CPU performance can still be a factor in many games, particularly RTS games where lots of units might be in action at the same time, but graphics horsepower is still far more important in the majority of titles. We made a moderate upgrade to the processor selection, going with the Athlon X2 4800+. That should offer more than enough power for any current games, and it leaves us plenty of money to spend on the GPU. Overclocking is always an option, although most AMD AM2 processors seem to top out in the range of 2.6-2.8GHz so we would either go with a less expensive CPU for overclocking purposes or else simply spend the extra money in order to get a guaranteed minimum performance. If you want something faster than a 4800+ and you don't want to move to Core 2 Duo, the 5400+ is worth a serious look. Priced at $200, that processor comes with 1MB of L2 cache per core and a default clock speed of 2.8GHz - basically what used to be the $1000 FX-62. Just don't expect it to greatly improve your gaming performance except at lower resolutions/detail settings.
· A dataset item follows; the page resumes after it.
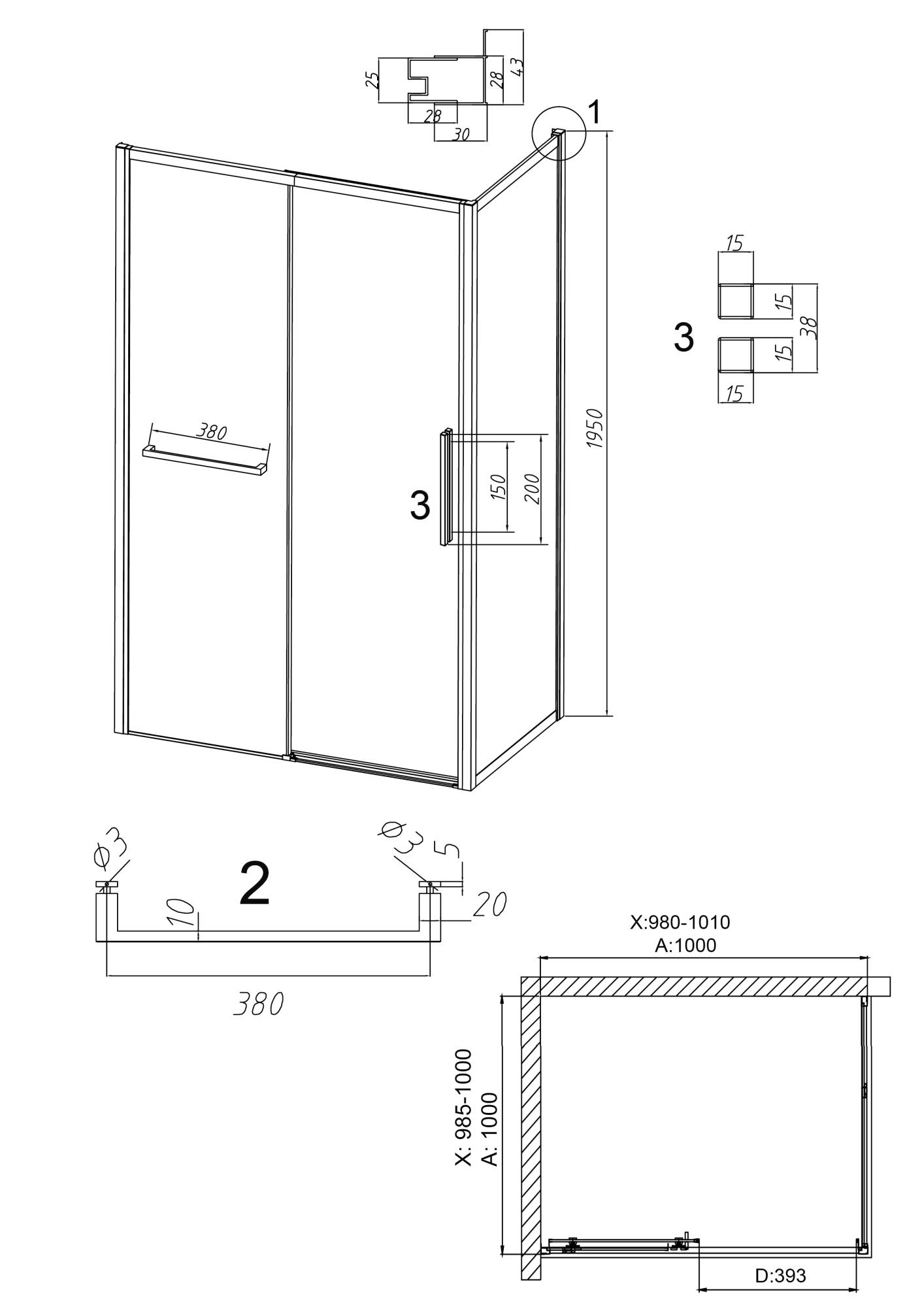 | Конструкция двери | 1 раздвижная, вход 39,3 см/ ориентация универсальная |

For the motherboard, looking at prices we decided the ability to support dual X16 PCI-E slots was a reasonable addition, as the price isn't much higher than the dual X8 PCI-E alternatives. The nForce 590 SLI chipset has been well-regarded since its launch last year, and prices on such boards have dropped substantially. This also gives us the option to move up to SLI graphics cards in the future to improve performance, and while that tends to be beyond the realm of midrange computers it's not inconceivable that some people will want to spend a couple hundred dollars a year from now to improve performance. Taking a look at the current 590 SLI motherboard offerings, EVGA comes out on top with some of the best features while maintaining the lowest price - under $100 after rebate! The EVGA motherboard is actually the same reference design as the Foxconn nForce 590 SLI board that garnered our Silver Editors' Choice award last year, right down to the inclusion of FireWire 1394b support, and it costs $35 less than the Foxconn board before rebates.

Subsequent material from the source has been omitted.